Jorge Pineda
Afro issues
Installation
2006-2009
Jorge Pineda
né en République Dominicaine en 1961
Entretien avec Carlos Garrido Castellano
Q : Comment avez-vous commencé à dessiner ?
Jorge Pineda
Me Voy
Installation
2005
J : J’ai toujours dessiné, depuis tout petit, je ne me souviens pas d’un moment en particulier. Mais bon, maintenant que vous me posez la question, oui : ma mère était professeure, elle avait installé un tableau sur la terrasse de la maison et elle le divisait en six sections avec une craie. Une section par enfant. Je voulais faire des dessins plus grands, j’avais besoin de plus d’espace, je devais donc négocier avec mes frères et sœurs. Ma sœur jumelle me prêtait sa section, les autres, qui étaient également des jumeaux, me la louaient. Comme ils aimaient bien mes dessins, ils ont fini par me laisser tout le tableau.
Q : Comment définiriez-vous l’identité de votre œuvre ?
J : Le thème de l’identité est présent dans mon œuvre, parfois comme thème central, parfois comme thème secondaire. J’en ai pris conscience dans la salle du contrôle de l’immigration de l’aéroport de Miami. Quand la fonctionnaire a ri parce que l’information concernant ma couleur de peau sur mon passeport indiquait « couleur indienne ». J’avais 24 ans et c’était la première fois que je prenais conscience du fait que nous les dominicains avions inventé une couleur sans questionner le ridicule de la situation. En raison, à la base, d’un complexe national qui a assumé de manière très superficielle le concept d’« être dominicain ». En l’isolant des contextes qui l’avaient construit. J’ai alors commencé à m’intéresser à cette question sous tous ses angles, comme la sexualité, le genre…

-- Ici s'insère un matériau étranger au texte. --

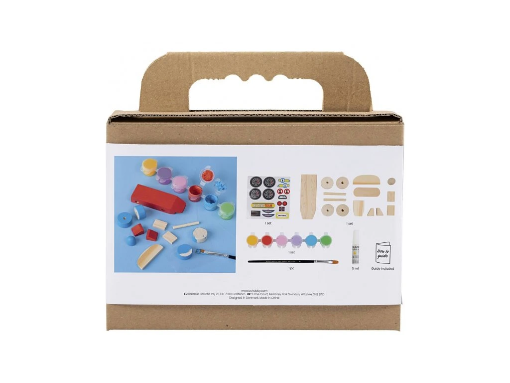 Originální kreativní sada pro výrobu dřevěného závodního auta dětem umožní postavit si vlastní hračku od úplného začátku – nejprve jednotlivé díly nabarví, nechají zaschnout, poté je slepí a nakonec dozdobí samolepkami. Výsledkem je jedinečné autíčko připravené na hraní i vystavení v dětském pokoji. Zábava a rozvoj dovedností: • Děti si vyzkouší celý proces tvorby – od malování až po sestavení hračky • Rozvíjí kreativitu, jemnou motoriku a koordinaci při práci s menšími díly • Učí trpělivosti (čekání na zaschnutí barvy) a podporuje pocit „dokázal/a jsem to“ • Hotová hračka je ideální na hraní i jako dekorace do dětského pokoje Obsah balení: • Dřevěné díly pro sestavení auta • Barvy pro nabarvení jednotlivých částí • Štětec • Lepidlo pro sestavení • Samolepky pro finální dekorování • Podrobný návod s postupem krok za krokem Vhodné pro děti od 8 let.Doplňkové parametry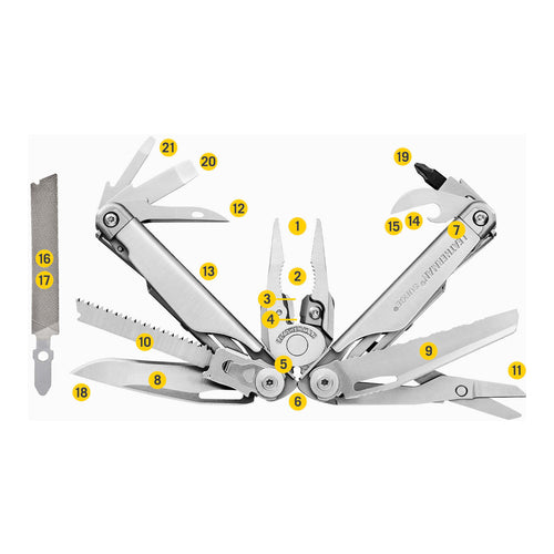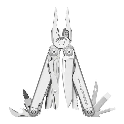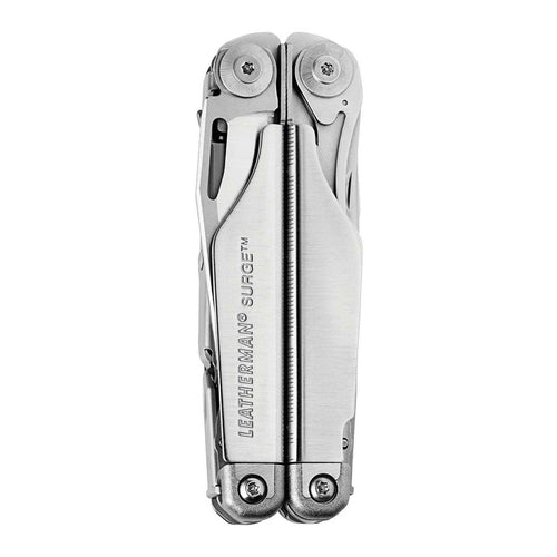 • The Leatherman Surge is one of our two largest multi-tools; a real powerhouse, built with our largest pliers, longest multi-tool blades and easy-to-use locks. A unique blade exchanger, replaceable premium wire cutters and four outside-opening blades give you quick access to the tools you use most. The Surge was built for tough jobs and the hands that do them.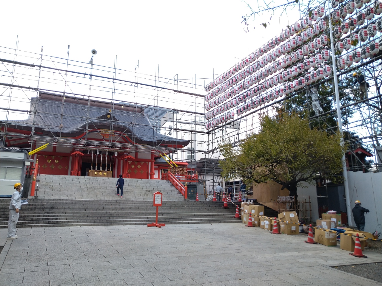 近年では、1967年(昭和42年)に劇作家「唐 十郎」氏が率いる劇団により「花園神社」境内に紅テントを設置して公演が行われ話題となるなど現在もさまざまな公演活動が「花園神社」境内で行われており、芸能にまつわる縁の深さを感じます。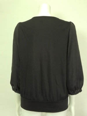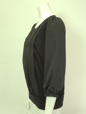 着心地の良いカットソーに異素材でフリルのようなデザインをあしらっています。
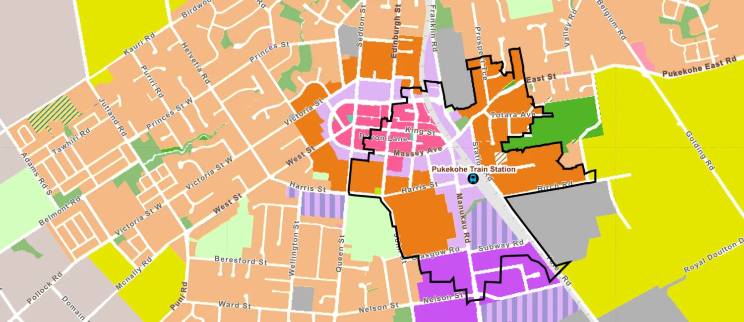Pukekohe now (light orange – existing Mixed Housing Suburban Zone)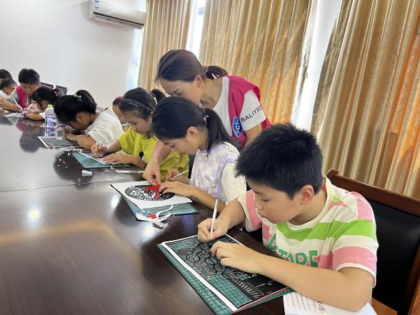 活动现场,志愿者老师向大家展示了许多关于的垃圾分类剪纸作品,并讲解了剪纸技巧,虽然很多孩子是第一次接触剪纸,显得生疏,但是在老师的指导下,个个都学得很认真,通过刻刀、剪刀等工具,一幅幅垃圾分类的剪纸作品顺利剪出来。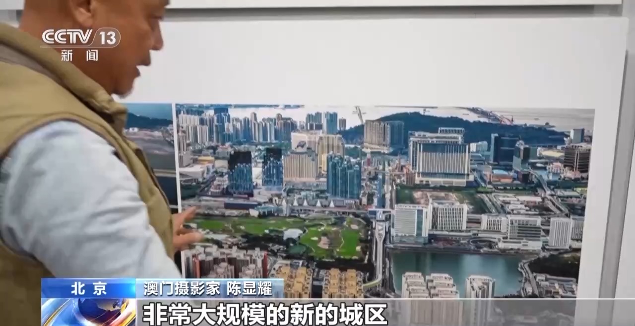 澳門攝影家 陳顯耀:回歸之后,隨著我們澳門的發(fā)展,也是帶動周邊區(qū)域一起發(fā)展繁榮。我們畫面看到的是橫琴,上面的照片是2012年的時候,橫琴都是山體,在準備開發(fā)了。下面是成立的橫琴粵澳深度合作區(qū),整個橫琴的建設也為我們澳門的發(fā)展建設提供了一個很重要的支撐、保障。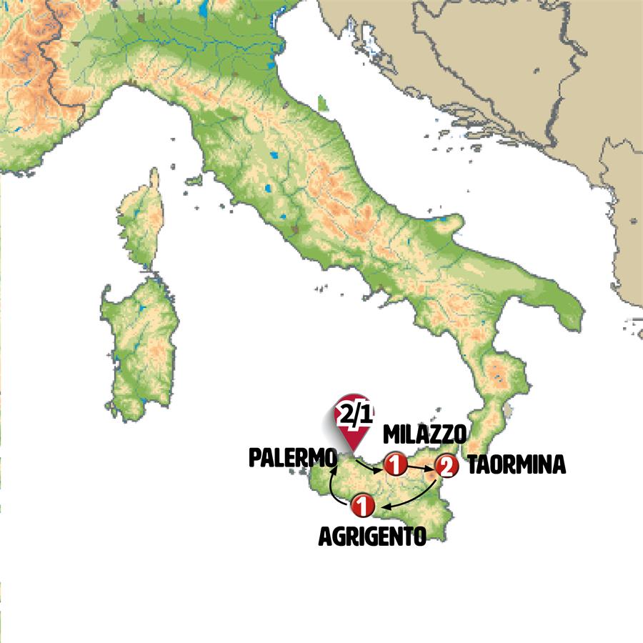 PALERMO, CEFALU, CASTELBUONO, TINDARIS, MILAZZO, VULCANO, LIPARI, TAORMINA, CATANIA, SIRACUSA, AGRIGENTO, MARSALA, ERICE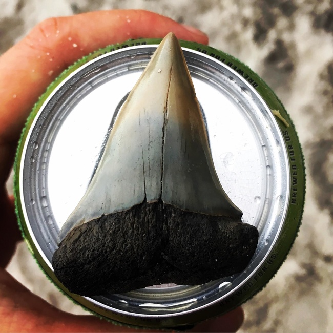 “¡El largo de un diente de tiburón que encontré no supera el de una lata de cerveza!”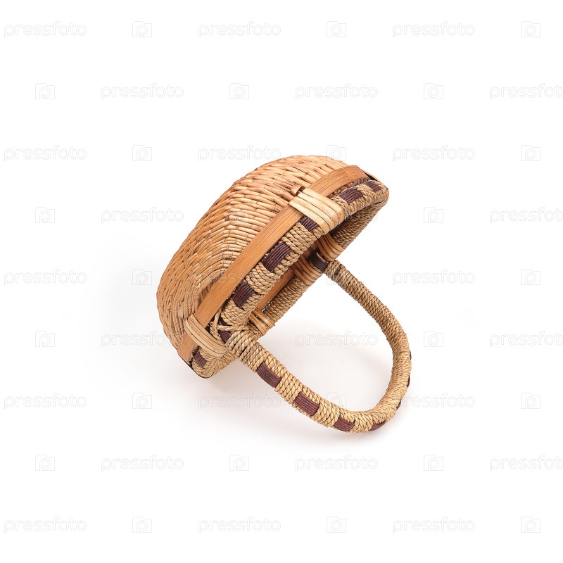 Ручно изготовленная плетеновая корзина, изолированная на белом фоне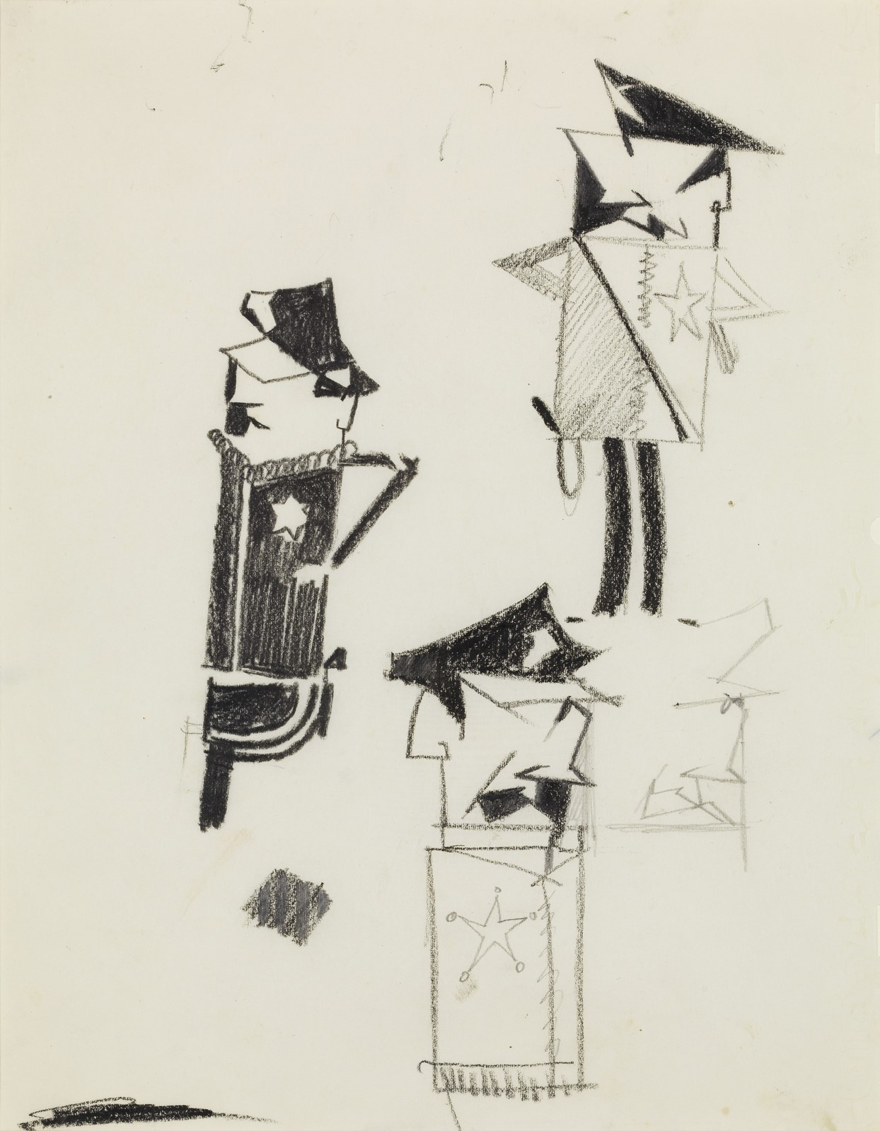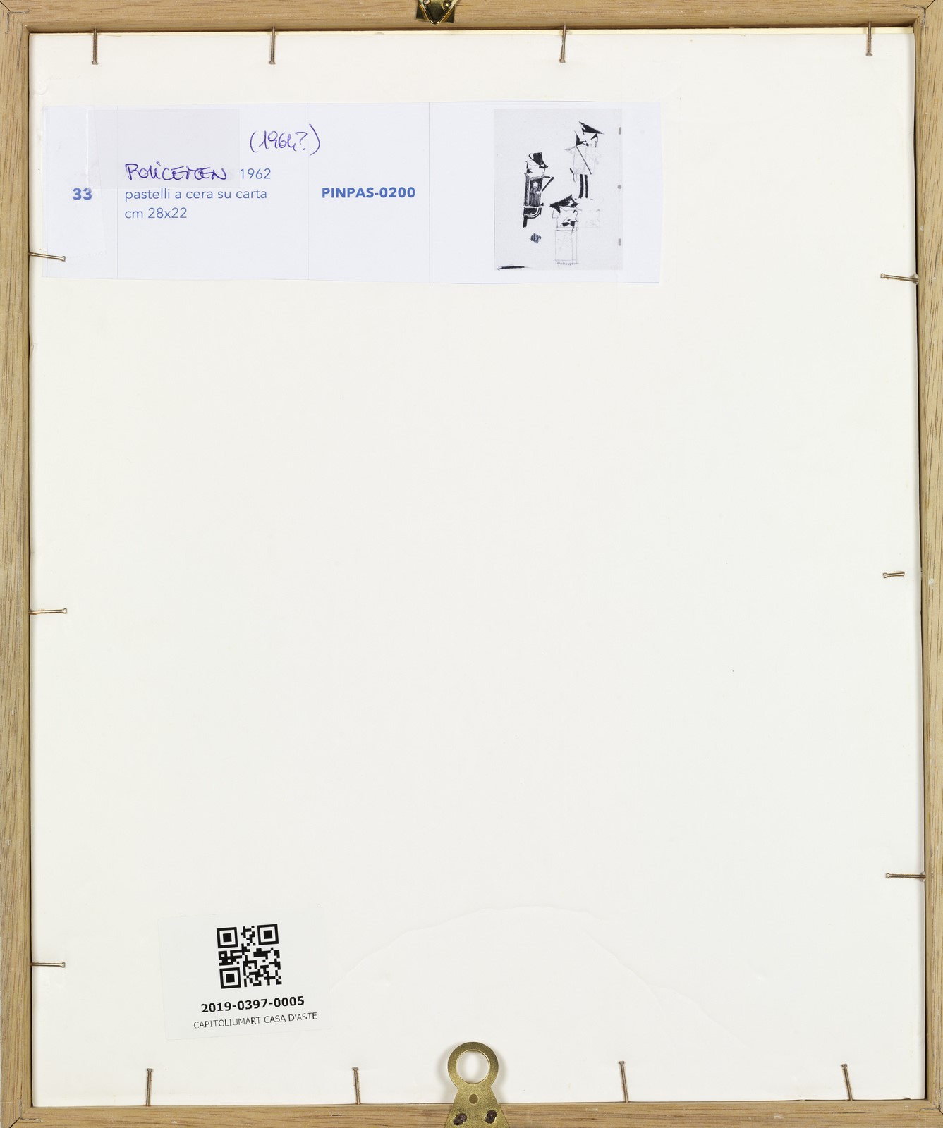PASCALI PINO (1935 - 1968) Policeman. 1962. Tecnica mista su carta. Cm 22,00 x 28,00. Pubblicazione: Pino Pascali - Insorgenza dell'immaginifico a cura di Massimo Bignardi e Nuccia Barbone Pugliese, Claudio Grenzi Editore, Galleria Nazionale della Puglia, Palazzo Sylos - Calò, 21 Dicembre 2018 - 21 Marzo 2019, 48. Cornice presente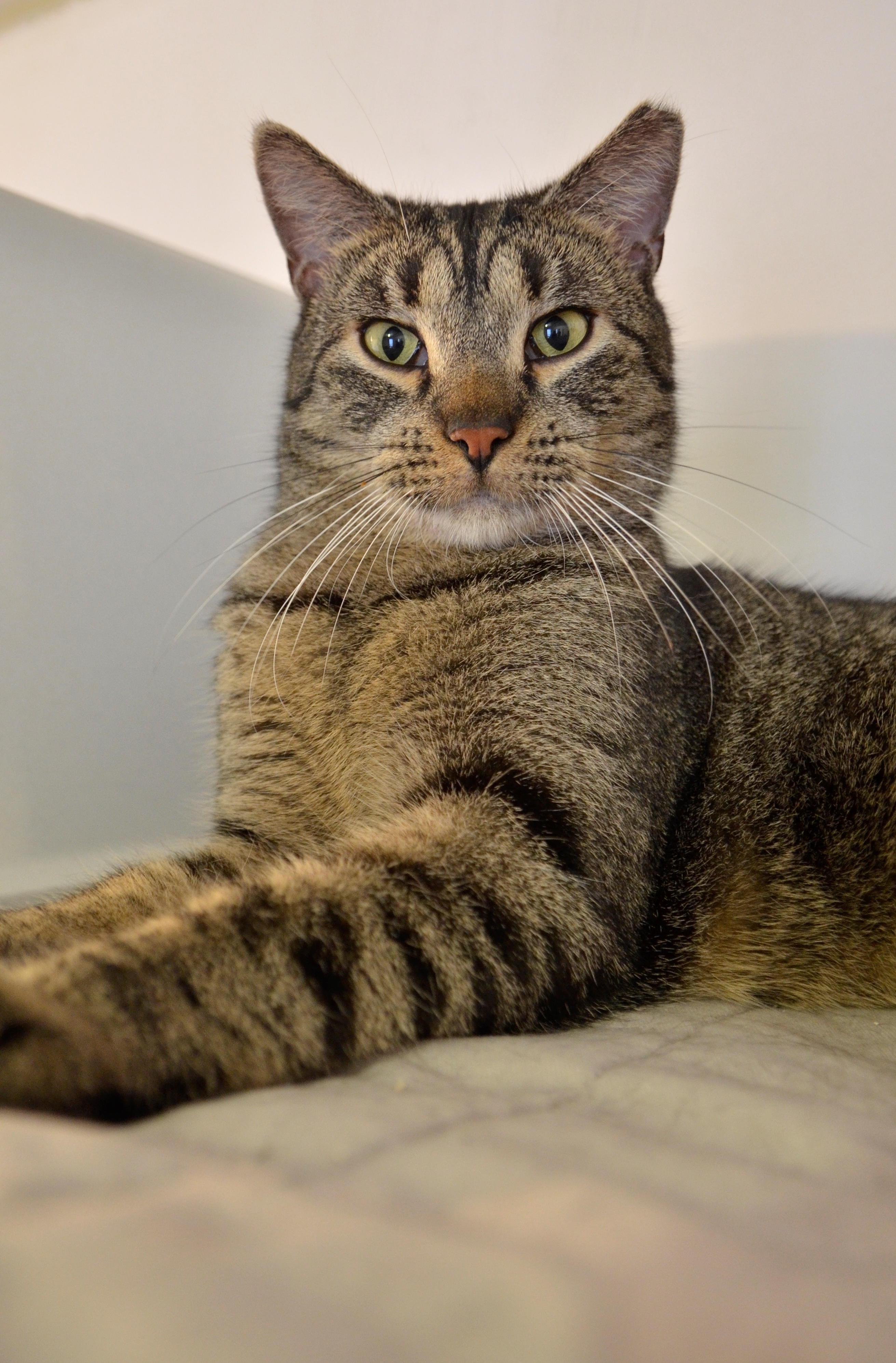Tiger jest już wykastrowany i ma około 2 lat. W pierwszym kontakcie potrzebuje trochę czasu na poznanie nowego opiekuna, ale jak już zaufa to bezgranicznie.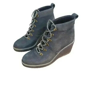 TOMS Womens Melrose Black Lace Up Nubuck Ankle Wedge Boots Size 8-1/2

Q : Comment faites-vous allusion au thème de l’enfance ?
J : Moi j’ai eu une enfance heureuse. Pourtant, en voyant mon œuvre, on pourrait penser le contraire. Ces images que j’utilise traitent parfois le thème qui les illustre, mais d’autre fois ne sont qu’une métaphore de la société. D’une société qui refuse de grandir et préfère mal se comporter au lieu d’assumer ses responsabilités. Le spectateur décide en fonction de ses références. Ma responsabilité en tant qu’artiste est d’arriver à ce que le spectateur qui voit l’œuvre, ouvre à nouveau les yeux. Qu’il voit à nouveau cette quotidienneté qui lui est devenue invisible à force d’être devant ses yeux.
Afro Charlie
installation
2009
Q : Comment utilisez-vous le contraste entre ce qui est caché et ce que l’on montre ?
J : Je suis un admirateur de Jung, le psychanalyste. Dans une de ses propositions, il parle d’ombre, comme de cette part de l’individu qui fait partie intégrante de lui, mais que celui-ci n’accepte pas en tant que telle et voit comme quelque chose de négatif, une source de conflit. Ce dialogue conflictuel et perturbateur m’intéresse en tant que façon de dépeindre non seulement l’individu, mais aussi la collectivité. C’est un thème que je traite dans la série Niñas Locas, qui est constituée de portraits de quelques amies et de mes angoisses.